**LISTED RECORDS:**
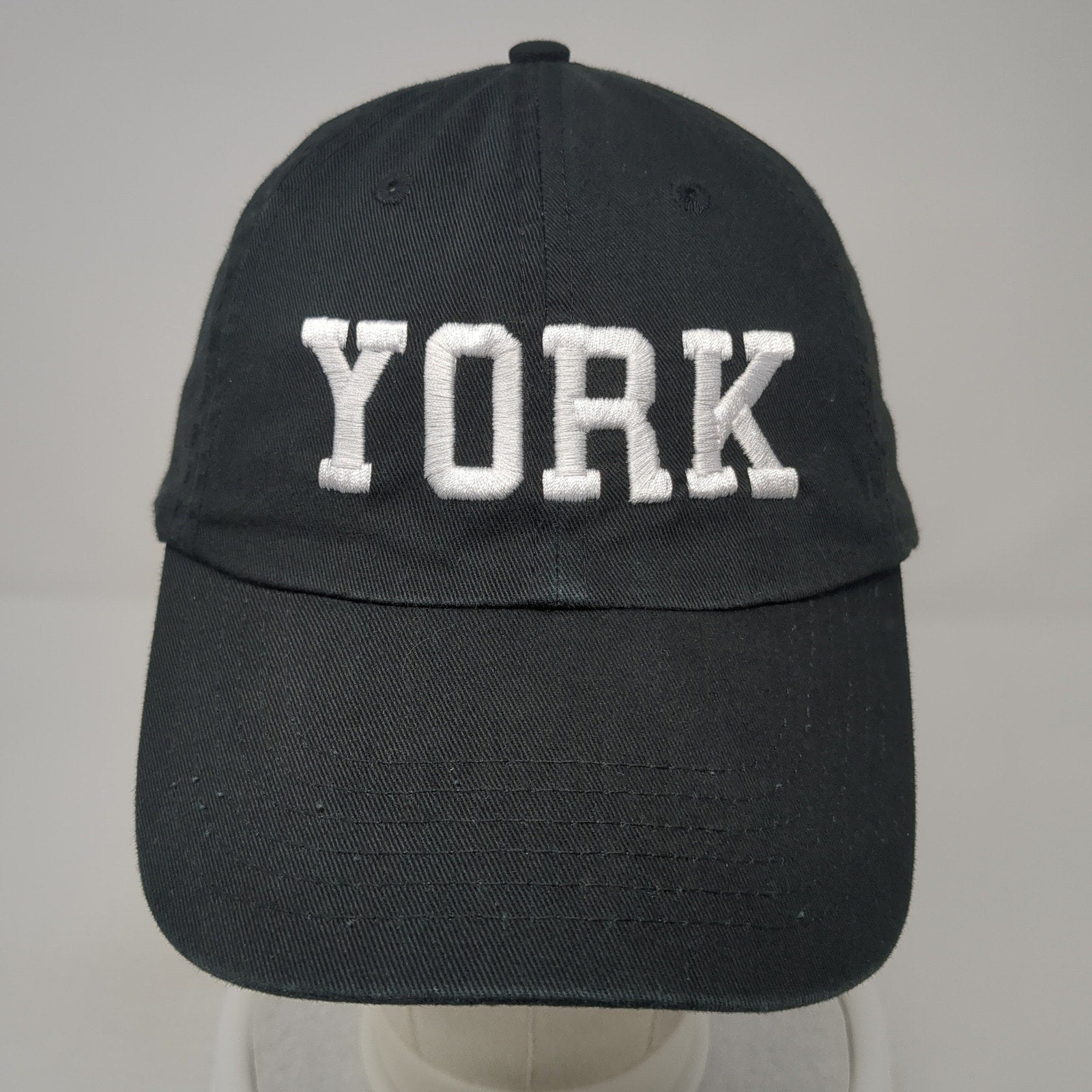 York Spell Out Slideback Hat Black One Size Adjustable Embroidered
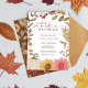 A modern and elegant pumpkin fall themed baby shower invitation featuring pumpkin, pink and yellow flowers, mushroom and autumn leaves.
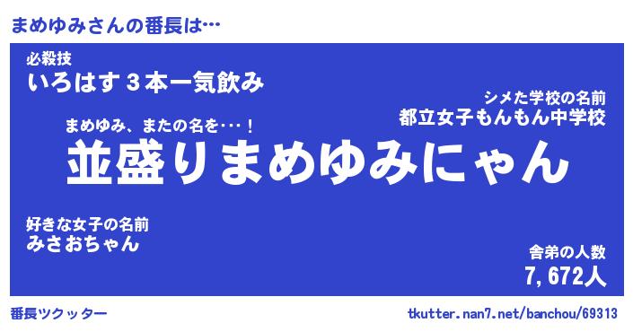 | 意味不明あだ名 | 『ペロリンまめゆみ』『永久保存まめゆみ』 |
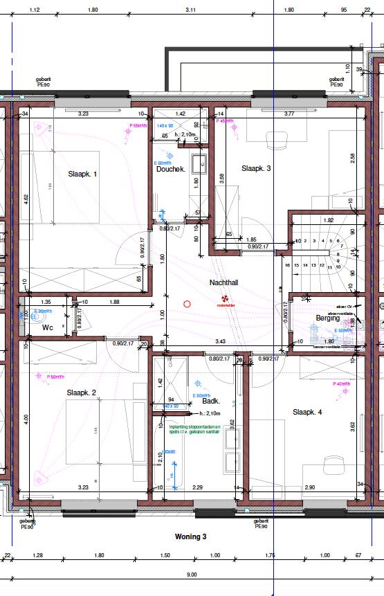 - op het verdiep hebben we 4 slaapkamers, badkamer met ligbad, inloopdouche en dubbele lavabomeubel, apart toilet op de nachthal, berging, douchekamer met inloopdouche en lavabomeubel.
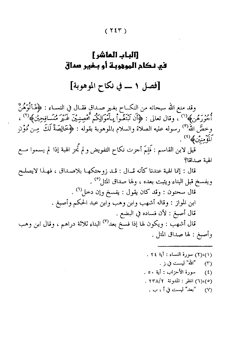 وقد منع الله سبحانه من النكاح بغير صداق فقال في النساء: {فَآتُوهُنَّ أُجُورَهُنَّ}، وقال تعالى: {أَنْ تَبْتَغُوا بِأَمْوَالِكُمْ مُحْصِنِينَ غَيْرَ مُسَافِحِينَ}، وخص الله رسوله عليه الصلاة والسلام بالموهوبة بقوله: {خَالِصَةً لَكَ مِنْ دُونِ الْمُؤْمِنِينَ}.
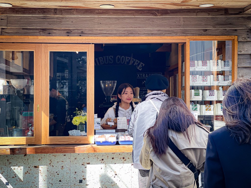 這裡已有許多人在休憩喝咖啡,看來外帶較好,不過手拿著邊走邊喝也不對,索性就選擇店門旁的木甲板位置坐下品味吧。
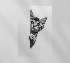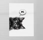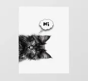 Un simpatico gattino dice "Ciao" in un'illustrazione minimalista, perfetta per gli amanti degli animali. Il suo ritratto in bianco e nero donerà gioia e fascino a qualsiasi parete artistica.
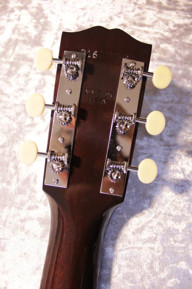 30年代のごく初期に生産されていたエボニーフィニッシュを彷彿とさせる本器は、トップ材にシトカスプルース、サイド&バック材にマホガニー、赤べっ甲柄ピックガード、Golden Age(クリームボタン)チューナー、レクタンギュラーブリッジ、ヘッドロゴはスクリプトと、当時のルックスを思い起こさせます。
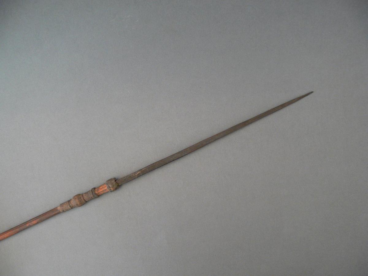 Kétrészes: nyele barnás színű, hengeres nád, hegye szögletes, négyélű, feketés színű keményfa. A két rész illeszkedésénél feketés színű, aszfaltszerű anyaggal bevont fonadék, ez alatt különböző szélességű és formájú, barnás színű, fonott háncsgyűrűk vannak. Díszítetlen.
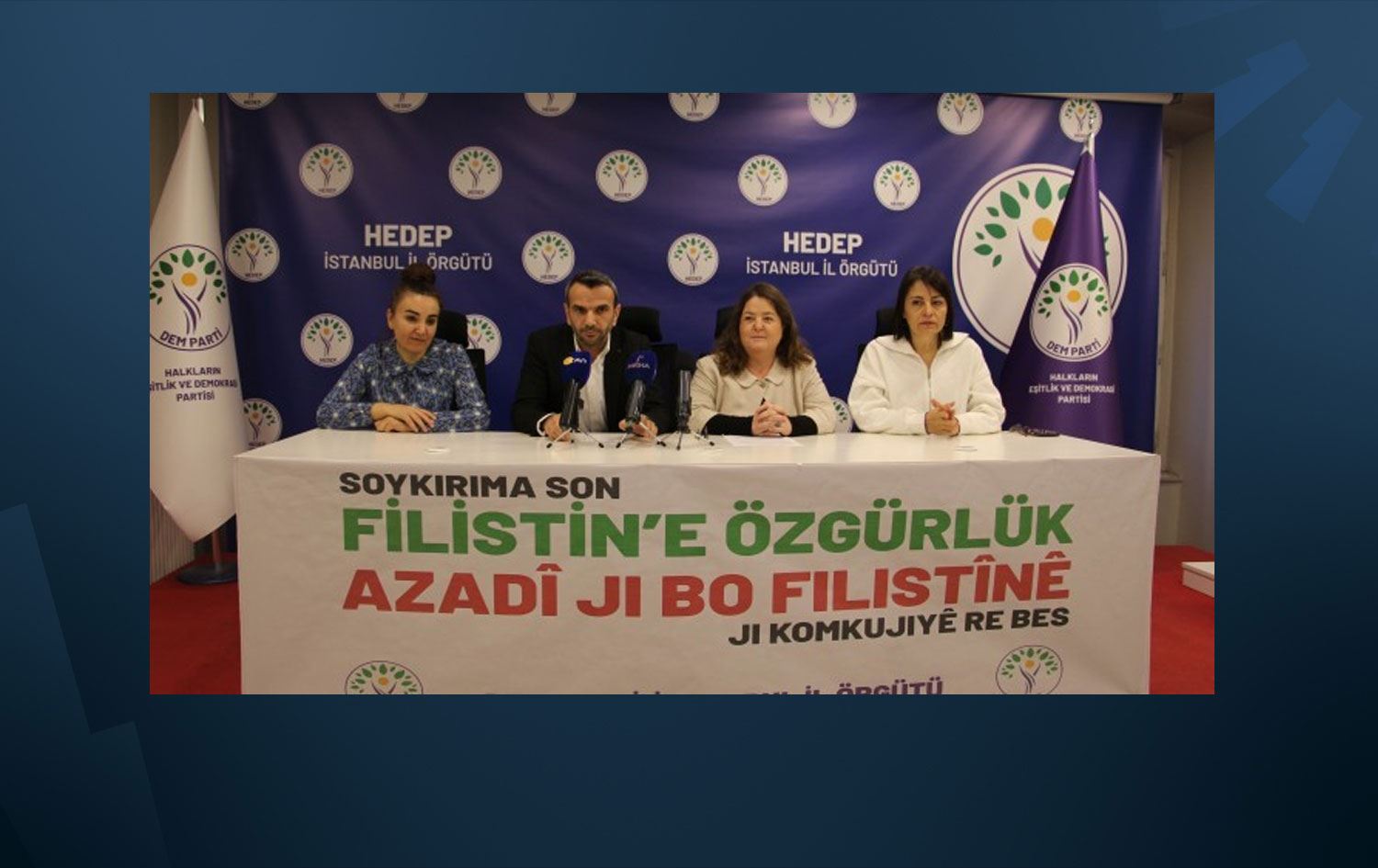 Konu ile ilgili DEM Parti İstanbul İl Örgütü’nde düzenlenen basın toplantısında konuşan DEM Parti İstanbul Milletvekili Kezban Konukçu, “Orta Doğu’da şu anda süregiden savaş ortamından kimlerin çıkarı olduğunu bizler çok iyi biliyoruz. Bu çıkar çatışamalarında kadın, çocuk demeden siviller katlediliyor. Buna karşı ezilen halkların ses çıkarması gerekiyor” dedi.
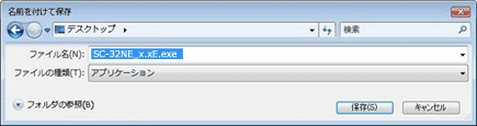 - 「名前を付けて保存」の画面が表示されますので、「SC-32NE_x.xE.exe」を保存する場所を指定し、[保存]ボタンをクリックします。
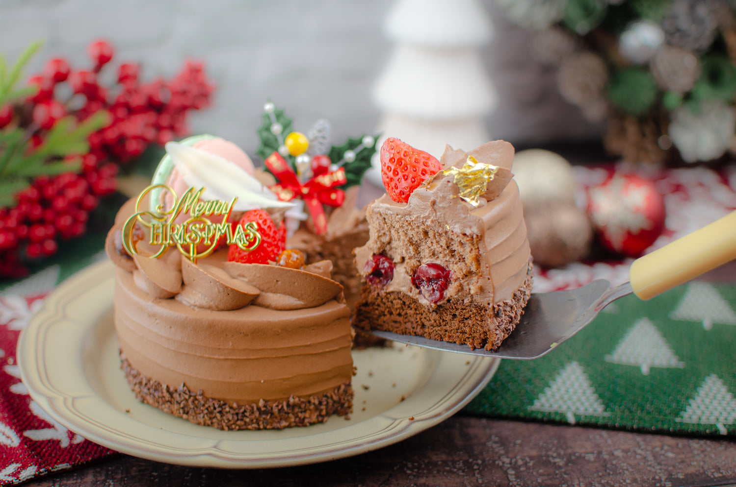 ベリーズ産カカオ豆のビーントゥーバーチョコを贅沢に使用した、濃厚で香り高いクリスマスショコラケーキ。
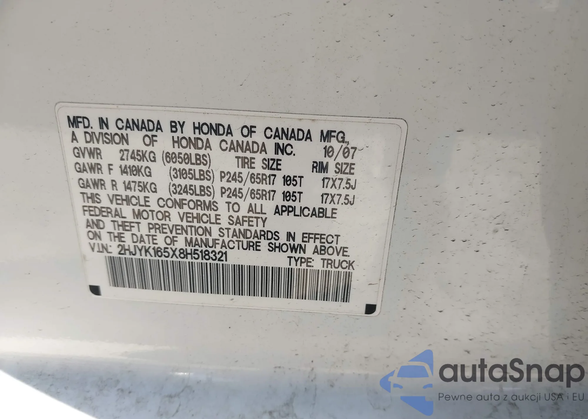 • VIN 2HJYK165X8H518321
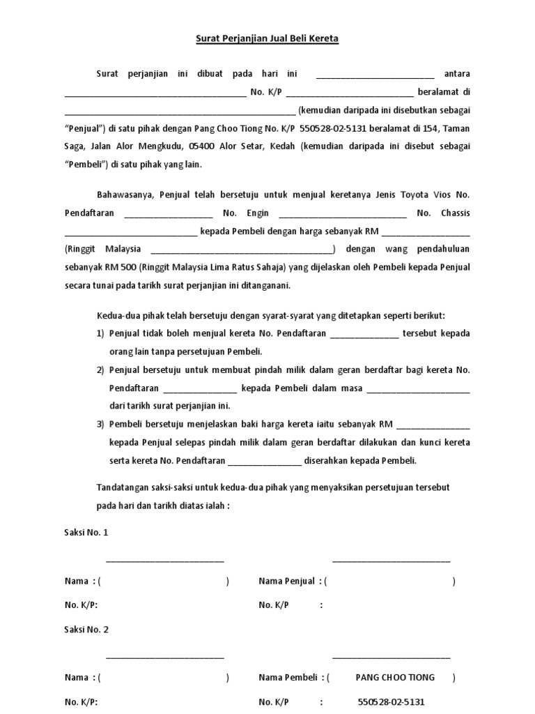 No 16 batu 6 jalan titi haji idris 06500 langgar kedah yang selepas ini dikenali sebagai penjual atau penyewa sewa beli pertama atau penama pertama sahaja dengan abdul basir bin wahab. Kebanyakkan kita jarang membuat perjanjian membeli kenderaan terutama kereta terpakai sehingga pembeli terpaksa menanggung pelbagai masalah dan juga saman tertunggak dari penjual. Contoh surat perjanjian ini seringkali dipergunakan untuk berbagai bidang dan hal seperti. 1 antara farisah farzana bt mohammad no k p.
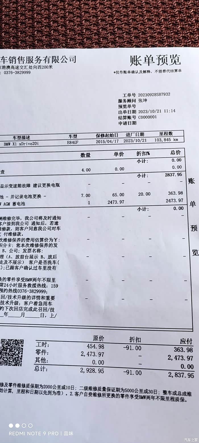 咨询一下群里的朋友,有大神说大概率是蓄电池要挂了,到本地卖电瓶实体店,骆驼启停电瓶报价9百多,包一年质保。但4S店售后有个说法,最好用原厂电瓶在4S店电脑匹配,因为宝马技术封锁相关数据没有公开,外面维修店匹配不了,会导致有些功能使用不了,或者乱报故障码!为了省心点,还是4S吧!
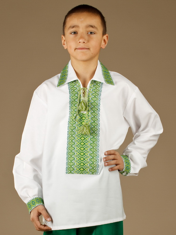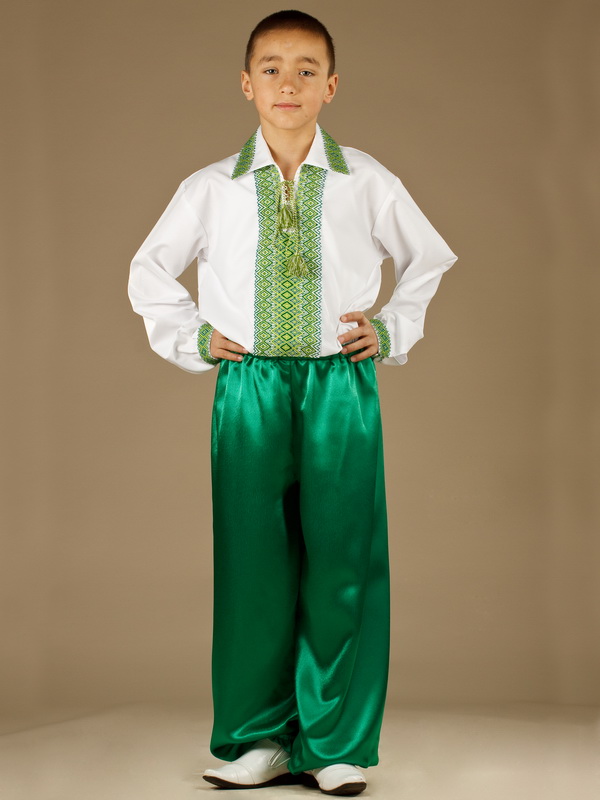 Український вишитий костюм для хлопчика - українська вишиванка - модель КХ 2-15 : вишиванка ЧС 4-15, шаровари ШР 3. Вишивка ткана, зеленими акриловими нитками. Візерунок 15 - геометричний. Тканина сорочки якісна біла сорочкова.
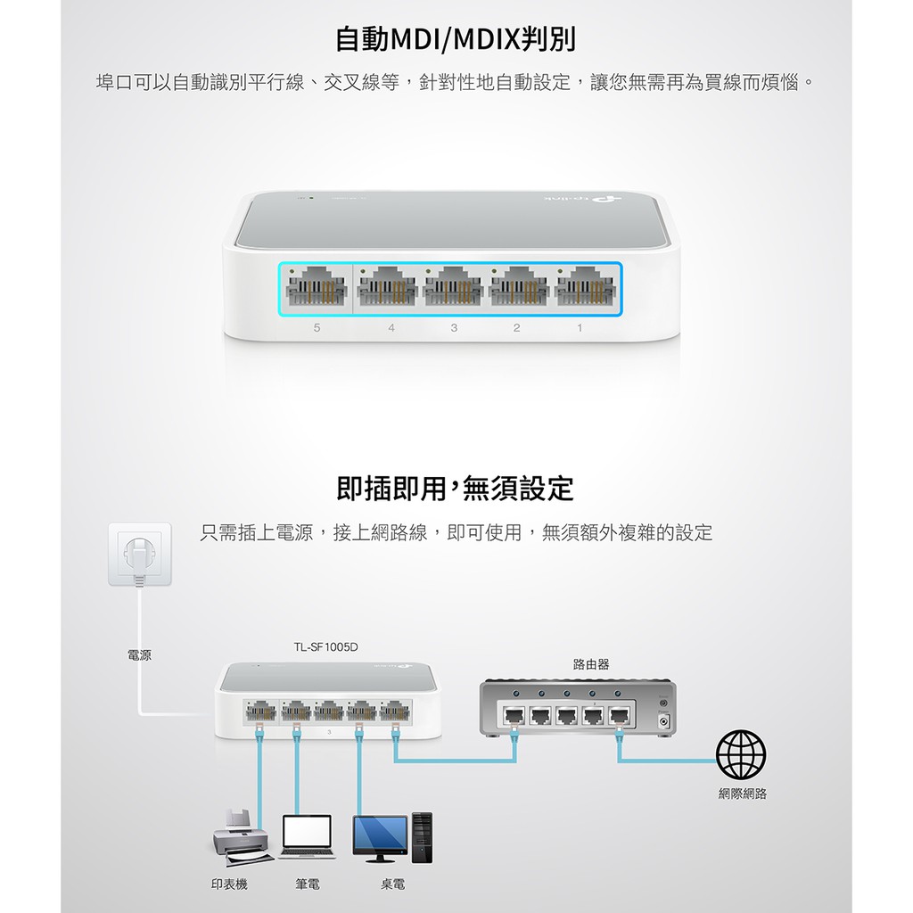 TP-Link 網路交換器 TL-SF1005D 5埠 10/100Mbps桌上型交換器
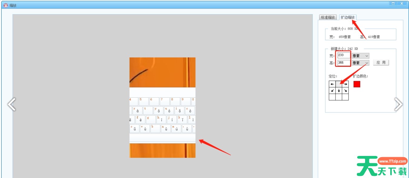扩边缩放:如果需要在保持图片宽高比的同时,增加或减少图片的边框,可以选择“扩边缩放”选项。在这里可以设置边框的宽度、高度以及颜色等参数。
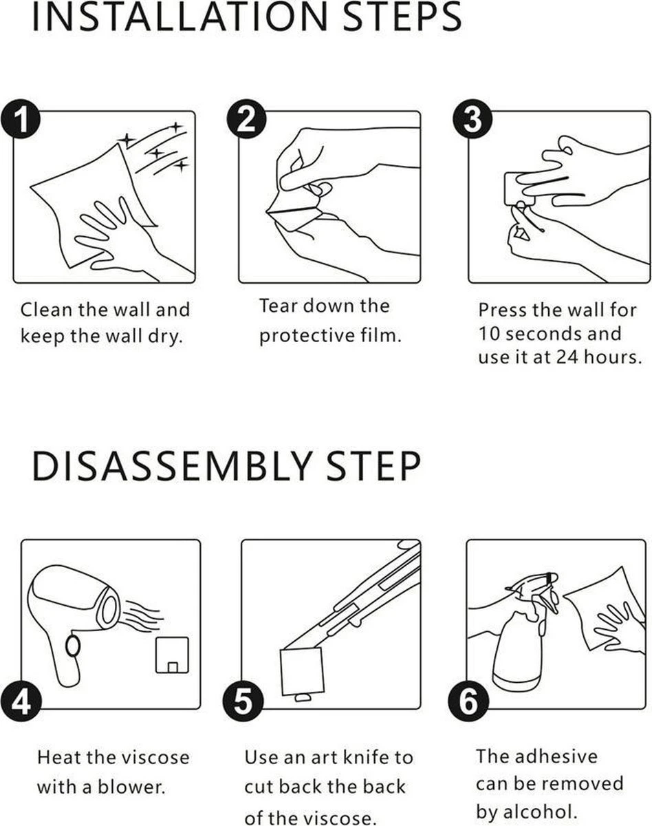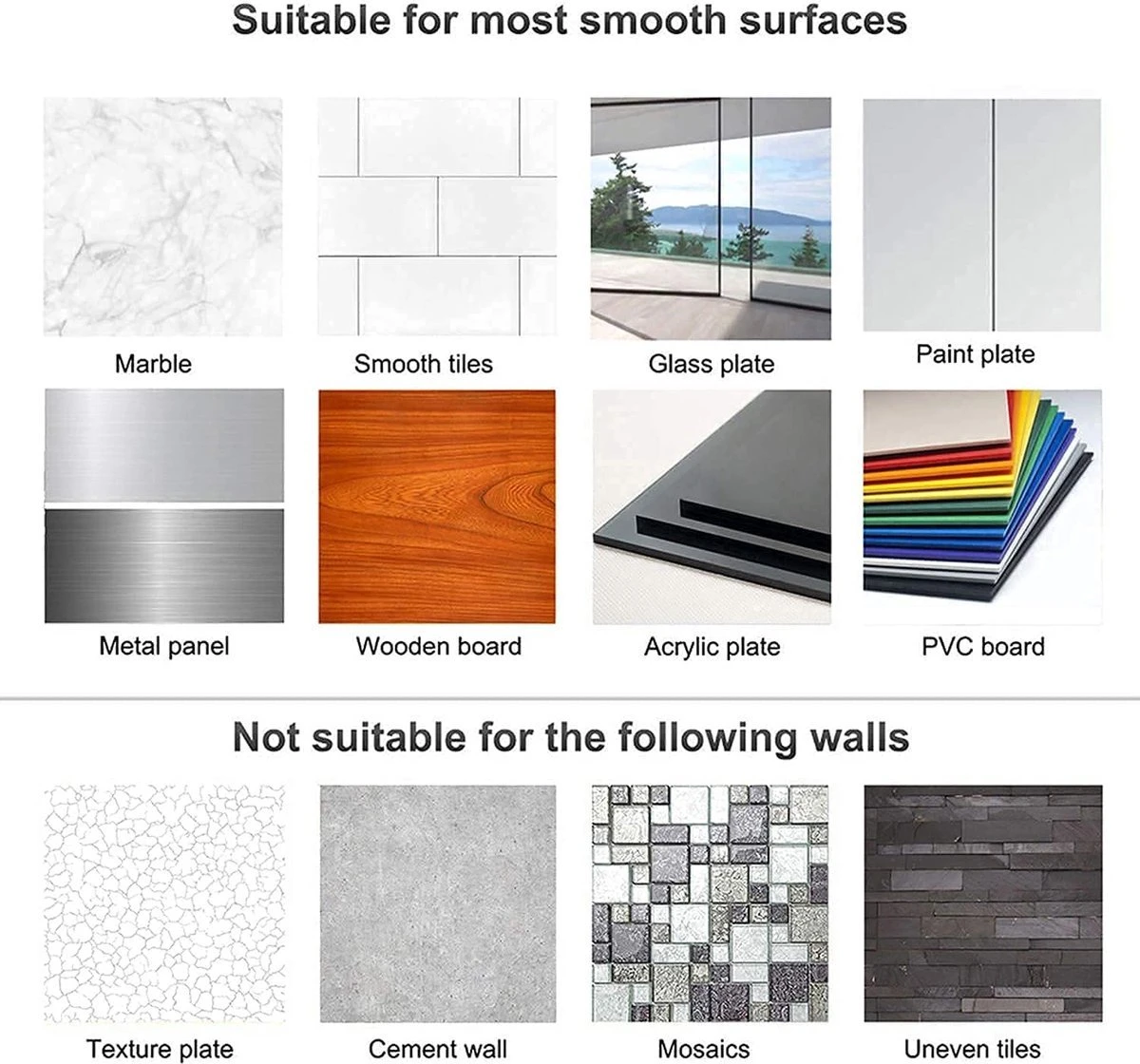 【WIJDE TOEPASSING】U kunt ze plakken op een gladde harde ondergrond, zoals keramische tegels, koelkast deur, garderobe, marmer, houten tegels, keramiek, spiegel, roestvrij staal, acryl, kunststof, laminaat en nog veel meer, LIME MUUR, geschilderde muur, droge muur en wandbekleding met texturen zijn niet aan te raden, of het zal eraf vallen of beschadigen uw muur.

**WHAT NEEDS TO BE DONE:**
Once the pictures are removed, output the entries above exactly as given.

**RESULT:**
 York Spell Out Slideback Hat Black One Size Adjustable Embroidered
 A modern and elegant pumpkin fall themed baby shower invitation featuring pumpkin, pink and yellow flowers, mushroom and autumn leaves.
 | 意味不明あだ名 | 『ペロリンまめゆみ』『永久保存まめゆみ』 |
 - op het verdiep hebben we 4 slaapkamers, badkamer met ligbad, inloopdouche en dubbele lavabomeubel, apart toilet op de nachthal, berging, douchekamer met inloopdouche en lavabomeubel.
 وقد منع الله سبحانه من النكاح بغير صداق فقال في النساء: {فَآتُوهُنَّ أُجُورَهُنَّ}، وقال تعالى: {أَنْ تَبْتَغُوا بِأَمْوَالِكُمْ مُحْصِنِينَ غَيْرَ مُسَافِحِينَ}، وخص الله رسوله عليه الصلاة والسلام بالموهوبة بقوله: {خَالِصَةً لَكَ مِنْ دُونِ الْمُؤْمِنِينَ}.
 這裡已有許多人在休憩喝咖啡,看來外帶較好,不過手拿著邊走邊喝也不對,索性就選擇店門旁的木甲板位置坐下品味吧。
 Un simpatico gattino dice "Ciao" in un'illustrazione minimalista, perfetta per gli amanti degli animali. Il suo ritratto in bianco e nero donerà gioia e fascino a qualsiasi parete artistica.
 30年代のごく初期に生産されていたエボニーフィニッシュを彷彿とさせる本器は、トップ材にシトカスプルース、サイド&バック材にマホガニー、赤べっ甲柄ピックガード、Golden Age(クリームボタン)チューナー、レクタンギュラーブリッジ、ヘッドロゴはスクリプトと、当時のルックスを思い起こさせます。
 Kétrészes: nyele barnás színű, hengeres nád, hegye szögletes, négyélű, feketés színű keményfa. A két rész illeszkedésénél feketés színű, aszfaltszerű anyaggal bevont fonadék, ez alatt különböző szélességű és formájú, barnás színű, fonott háncsgyűrűk vannak. Díszítetlen.
 Konu ile ilgili DEM Parti İstanbul İl Örgütü’nde düzenlenen basın toplantısında konuşan DEM Parti İstanbul Milletvekili Kezban Konukçu, “Orta Doğu’da şu anda süregiden savaş ortamından kimlerin çıkarı olduğunu bizler çok iyi biliyoruz. Bu çıkar çatışamalarında kadın, çocuk demeden siviller katlediliyor. Buna karşı ezilen halkların ses çıkarması gerekiyor” dedi.
 - 「名前を付けて保存」の画面が表示されますので、「SC-32NE_x.xE.exe」を保存する場所を指定し、[保存]ボタンをクリックします。
 ベリーズ産カカオ豆のビーントゥーバーチョコを贅沢に使用した、濃厚で香り高いクリスマスショコラケーキ。
 • VIN 2HJYK165X8H518321
 No 16 batu 6 jalan titi haji idris 06500 langgar kedah yang selepas ini dikenali sebagai penjual atau penyewa sewa beli pertama atau penama pertama sahaja dengan abdul basir bin wahab. Kebanyakkan kita jarang membuat perjanjian membeli kenderaan terutama kereta terpakai sehingga pembeli terpaksa menanggung pelbagai masalah dan juga saman tertunggak dari penjual. Contoh surat perjanjian ini seringkali dipergunakan untuk berbagai bidang dan hal seperti. 1 antara farisah farzana bt mohammad no k p.
 咨询一下群里的朋友,有大神说大概率是蓄电池要挂了,到本地卖电瓶实体店,骆驼启停电瓶报价9百多,包一年质保。但4S店售后有个说法,最好用原厂电瓶在4S店电脑匹配,因为宝马技术封锁相关数据没有公开,外面维修店匹配不了,会导致有些功能使用不了,或者乱报故障码!为了省心点,还是4S吧!
 Український вишитий костюм для хлопчика - українська вишиванка - модель КХ 2-15 : вишиванка ЧС 4-15, шаровари ШР 3. Вишивка ткана, зеленими акриловими нитками. Візерунок 15 - геометричний. Тканина сорочки якісна біла сорочкова.
 TP-Link 網路交換器 TL-SF1005D 5埠 10/100Mbps桌上型交換器
扩边缩放:如果需要在保持图片宽高比的同时,增加或减少图片的边框,可以选择“扩边缩放”选项。在这里可以设置边框的宽度、高度以及颜色等参数。
 【WIJDE TOEPASSING】U kunt ze plakken op een gladde harde ondergrond, zoals keramische tegels, koelkast deur, garderobe, marmer, houten tegels, keramiek, spiegel, roestvrij staal, acryl, kunststof, laminaat en nog veel meer, LIME MUUR, geschilderde muur, droge muur en wandbekleding met texturen zijn niet aan te raden, of het zal eraf vallen of beschadigen uw muur.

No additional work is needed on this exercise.